(TASK DATA Opens)

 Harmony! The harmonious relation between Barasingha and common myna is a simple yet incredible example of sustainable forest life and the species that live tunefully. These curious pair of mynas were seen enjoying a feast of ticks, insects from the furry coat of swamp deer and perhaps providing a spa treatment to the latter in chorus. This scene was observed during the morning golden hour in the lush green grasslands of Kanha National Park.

(TASK DATA Closes)
(TASK DATA Opens)

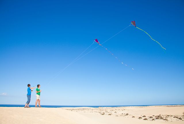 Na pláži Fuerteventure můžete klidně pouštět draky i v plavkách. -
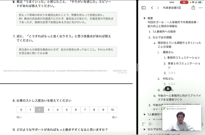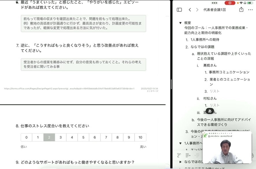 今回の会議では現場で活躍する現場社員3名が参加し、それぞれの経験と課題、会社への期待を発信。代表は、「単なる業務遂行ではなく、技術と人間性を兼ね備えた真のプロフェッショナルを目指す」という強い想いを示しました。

(TASK DATA Closes)

*ASSIGNMENT:*
Copy everything above from the line holding "Na pláži Fuerteventure" down to the line holding "今回の会議では現場で活躍する", both ends included, exactly as it stands and without the pictures.

*EXERCISE SOLUTION:*
 Na pláži Fuerteventure můžete klidně pouštět draky i v plavkách. -
 今回の会議では現場で活躍する現場社員3名が参加し、それぞれの経験と課題、会社への期待を発信。代表は、「単なる業務遂行ではなく、技術と人間性を兼ね備えた真のプロフェッショナルを目指す」という強い想いを示しました。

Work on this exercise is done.